# Need great trainer in Phoenix Area



## EwaN (Aug 9, 2013)

We have 2 GSD'S, they constantly in training since 1,5 year..

Unfortunately we are not 100% successful with getting dog fear out of our 2 year old GSD.

We are looking for trainer in Phoenix area who will be able to provide specialized training. 

Anybody knows great trainer in Phoenix area?

Suggestions are greatly appreciated.


----------



## PHXGSD (Aug 8, 2013)

Ewan,

The trainer I go to is in PV. It's a school called Arizona Dog Sports.
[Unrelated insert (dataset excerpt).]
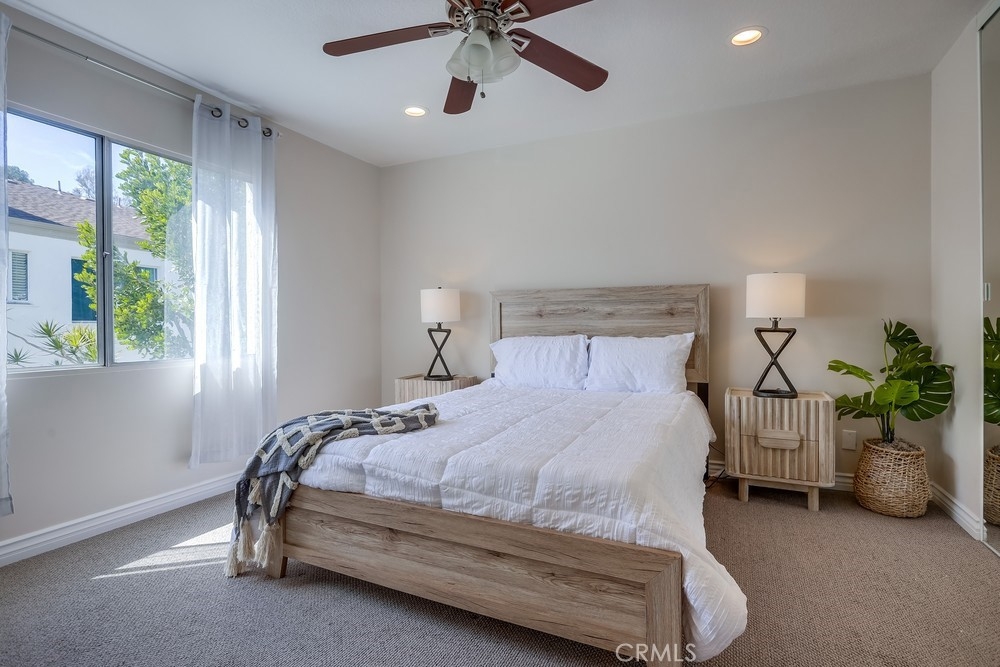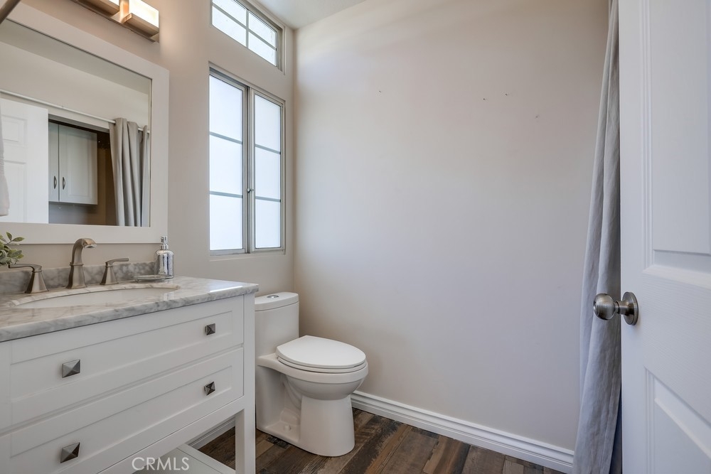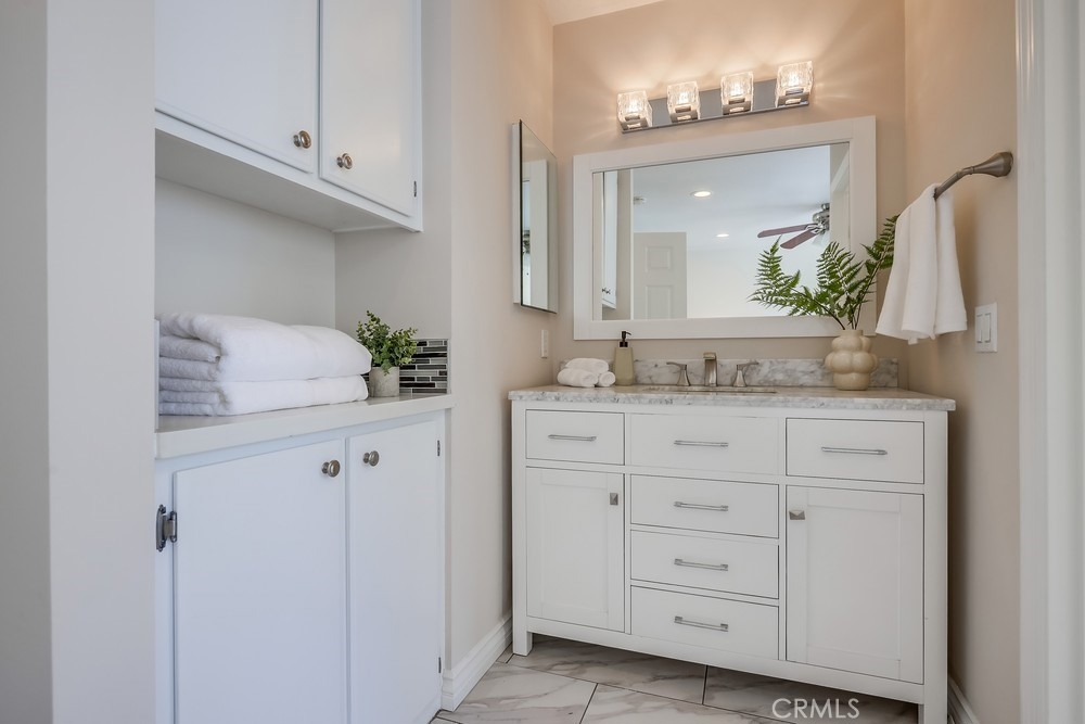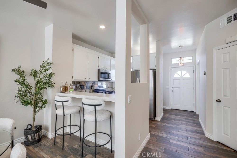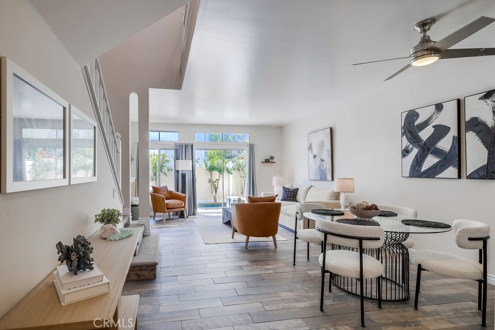 This spacious town-home in the highly sought-after Hampton Village offers 2 PRIMARY EN-SUITES with WALK -IN closets, along with 2.5 modern bathrooms, and attached garage. Enjoy the convenience of being minutes from beautiful beaches, major freeways, and nearby shopping centers for all your daily essentials. With approximately 1,200 square feet of thoughtfully designed space, this serene two-level town-home offers privacy with no neighbors above or below. This home and neighboring units with shared plumbing have been recently RE-PIPED, ensuring reliability. Throughout the residence you’ll find finishes such as plank-style ceramic flooring that mimics reclaimed wood, providing a timeless and durable aesthetic, as well as smooth finished walls. The kitchen is equipped with quartz countertops, stainless-steel appliances, including a brand new dishwasher, a convenient breakfast bar, and a separate dining area. The great room, offering direct access to a private, FULLY FENCED PATIO, features a cozy fireplace adorned with textured Venetian plaster and ample built-ins for storage. The updated bathrooms feature sleek cabinetry, stylish countertops, and custom subway tile accents. Additional features include ceiling fans, a main floor powder room, full-size washer and dryer within the home, and close access to community pool and spa. This gem of a community has been undergoing major renovations, updated community lighting and repaving will be completed soon.

They also have a GS only class on Sundays. 

Here is the link to the trainers:

Phoenix Dog Agility Trainers - Dog Agility Classes - Indoor Dog Agility - Phoenix AZ (Lynn Brand is our trainer)

Here is the link to home page:

Phoenix Indoor Dog Agility, Obedience & Sports Classes - Indoor Dog Gym

The classes are affordable. Ranging from $150 to $180 for six weeks (one day per week).


----------



## MickeyD (Nov 8, 2011)

*Training in Phx*

The White German Shepherd Rescue holds weekly training classes "rescue boot camp" on a drop-in donation basis. The trainer (Bert) is very experienced with German Shepherds and socialization and behavior issues. We train with them a lot to keep our two GSD's socialized.

Link to classes is below:
WHITE GERMAN SHEPHERD RESCUE - BOOT CAMP

I'd also recommend checking out the Dog House Training Academy:

Dog House Training Academy

Leah is the head instructor and works a lot with the White German Shepherd Rescue on training some of their more challenging dogs. I know several people who have taken her classes and been very happy.

We are training for obedience and rally with Desert Dog Obedience in Ahwatukee but they are not specific to German Shepherds.

I think the Grand Canyon GSD Club also holds training classes but I'm not sure whether they help with behavior issues.

Mickey in AZ


----------



## MickeyD (Nov 8, 2011)

I just attended the GSD class at Arizona Dog Sports as I have been struggling with getting my 18 month old GSD to focus. Wow! I can't believe the difference in my dog. Highly recommend this class. Tino is the instructor. He is very good on working on problem issues. I've been training for a year and he was able to help me correct a lot of my dog's focus issues in one session.


----------